┌──
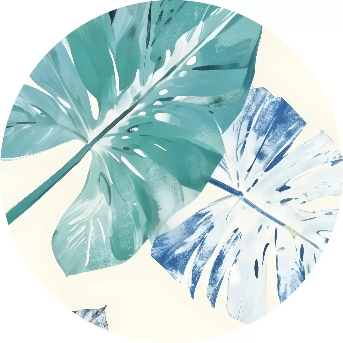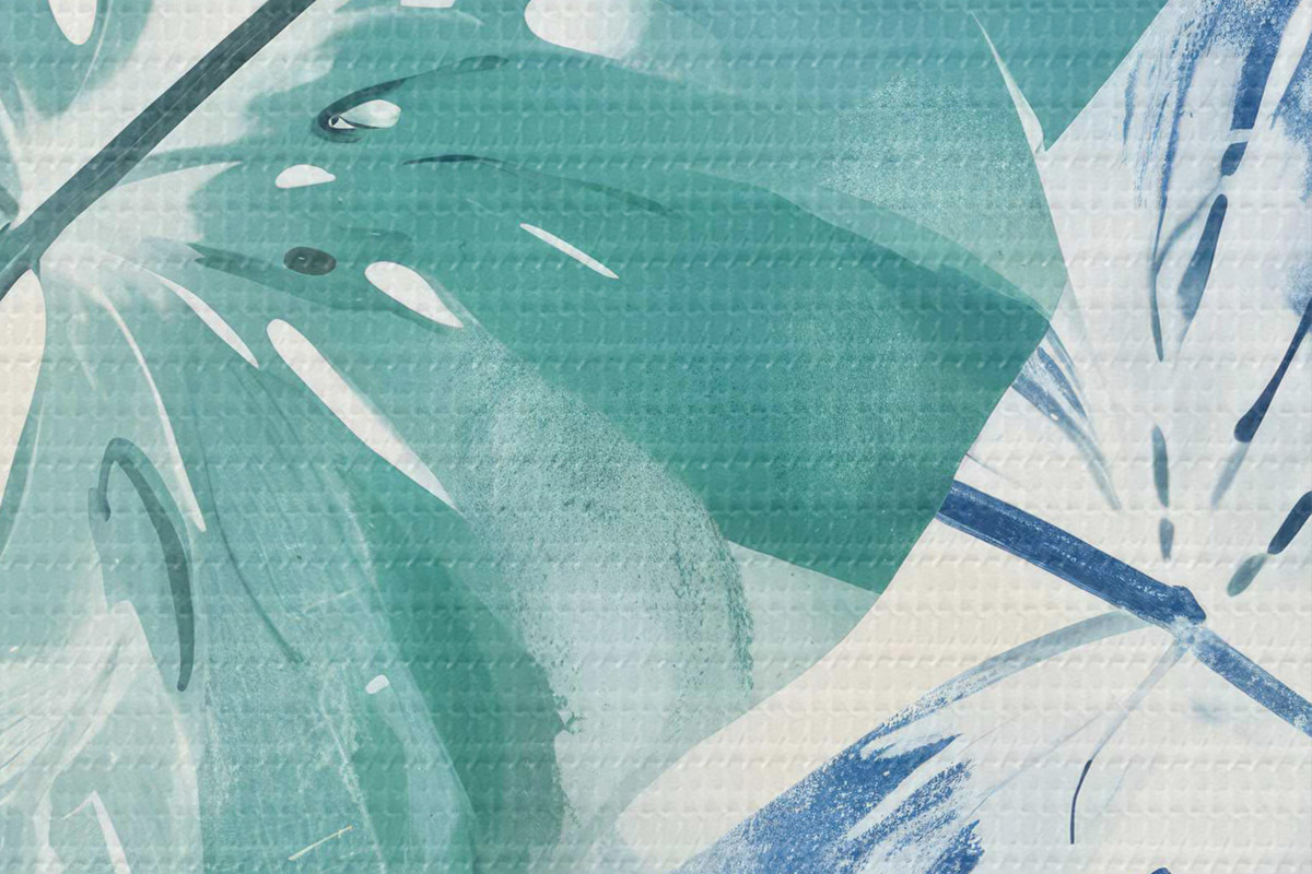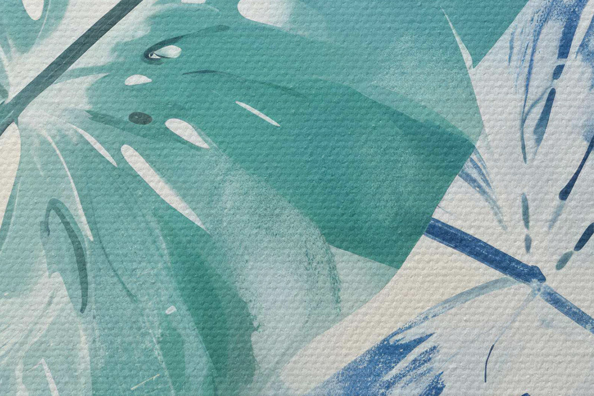 Pilt Suurte troopiliste lehtedega trükis heledal taustal sinistes ja rohelistes toonides Nr r40608
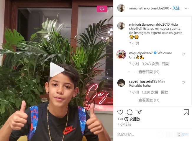 C罗是目前在Instagram拥有最多粉丝数的人,近日他的儿子迷你罗也开通了Ins,而且他的账户名称就叫“迷你罗”。
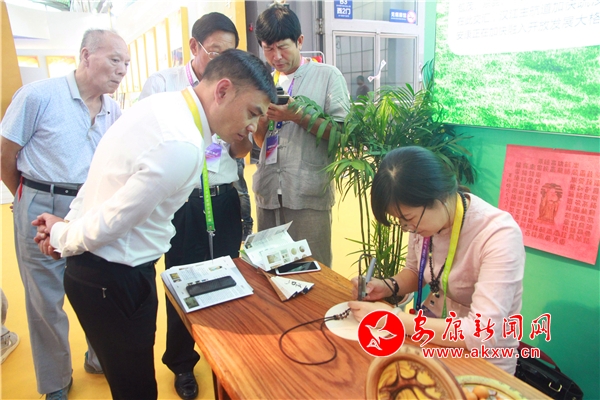 此次亮相于文博會的烙畫作品,均是以李紅霞自己家鄉(xiāng)平利的地域文化為素材創(chuàng)作,以獨有的楮皮紙烙畫、立體木盤烙畫、葫蘆烙畫為主,F(xiàn)場記者看到很多人有想要購買的欲望,有詳細了解做品工藝的,也有詢問價格的.....
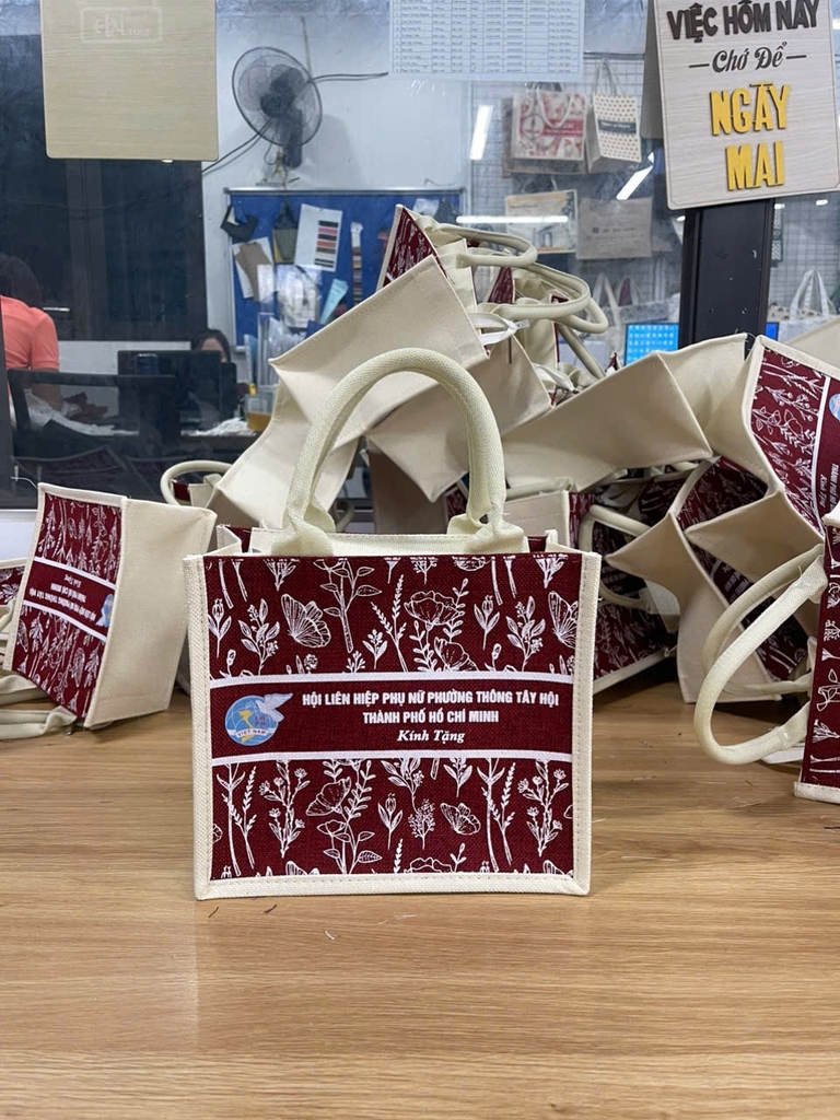 Túi vải linen in logo của Hội Liên Hiệp Phụ Nữ cùng họa tiết hoa văn nhẹ nhàng, tạo nên sự kết hợp hài hòa giữa tính thẩm mỹ và sự chuyên nghiệp. Đây là món quà không thể thiếu trong các hoạt động, sự kiện của tổ chức, đồng thời cũng là món quà ý nghĩa dành tặng cho những người tham gia, thể hiện sự quan tâm và tôn trọng từ tổ chức.
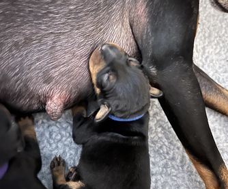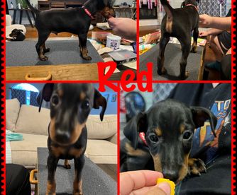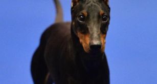 Mona is a female Manchester Terrier. Carefully selected as a great representative of her breed, Sabra decided to make her part of their program. Sabra has passed Good Dog’s screening process, which involved a review of their breeding practices, environment, and the mental and physical health of their dogs.
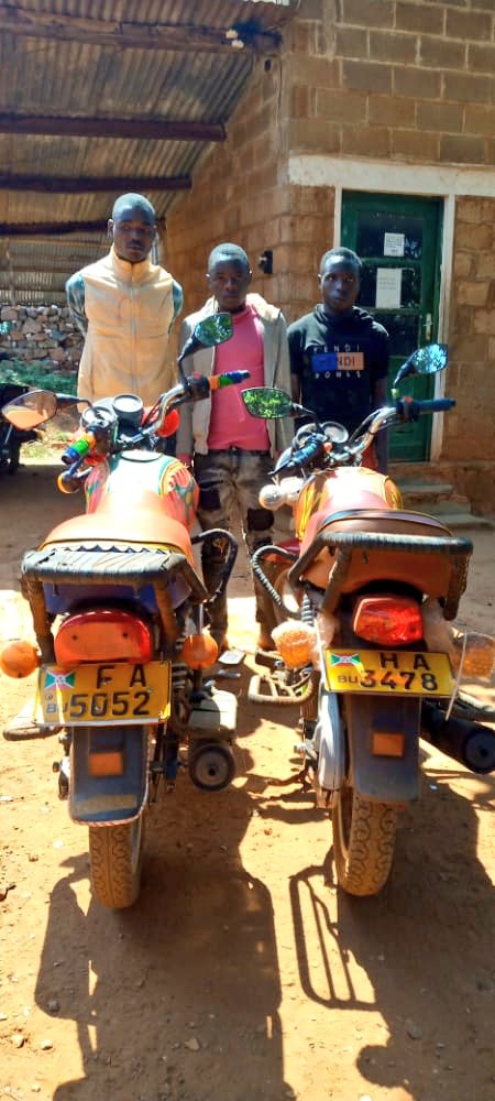 des individus aux arrêts pour tentative de meurtre et de vol de moto à Buhiga, Karusi
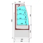 - Displaydiepte 436 mm, hoogte 830 mm.
└──
§ Directions for this task:
If an entry holds a picture, skip the picture and print the rest of the data exactly.

§ Answer below:
 Pilt Suurte troopiliste lehtedega trükis heledal taustal sinistes ja rohelistes toonides Nr r40608
 C罗是目前在Instagram拥有最多粉丝数的人,近日他的儿子迷你罗也开通了Ins,而且他的账户名称就叫“迷你罗”。
 此次亮相于文博會的烙畫作品,均是以李紅霞自己家鄉(xiāng)平利的地域文化為素材創(chuàng)作,以獨有的楮皮紙烙畫、立體木盤烙畫、葫蘆烙畫為主,F(xiàn)場記者看到很多人有想要購買的欲望,有詳細了解做品工藝的,也有詢問價格的.....
 Túi vải linen in logo của Hội Liên Hiệp Phụ Nữ cùng họa tiết hoa văn nhẹ nhàng, tạo nên sự kết hợp hài hòa giữa tính thẩm mỹ và sự chuyên nghiệp. Đây là món quà không thể thiếu trong các hoạt động, sự kiện của tổ chức, đồng thời cũng là món quà ý nghĩa dành tặng cho những người tham gia, thể hiện sự quan tâm và tôn trọng từ tổ chức.
 Mona is a female Manchester Terrier. Carefully selected as a great representative of her breed, Sabra decided to make her part of their program. Sabra has passed Good Dog’s screening process, which involved a review of their breeding practices, environment, and the mental and physical health of their dogs.
 des individus aux arrêts pour tentative de meurtre et de vol de moto à Buhiga, Karusi
 - Displaydiepte 436 mm, hoogte 830 mm.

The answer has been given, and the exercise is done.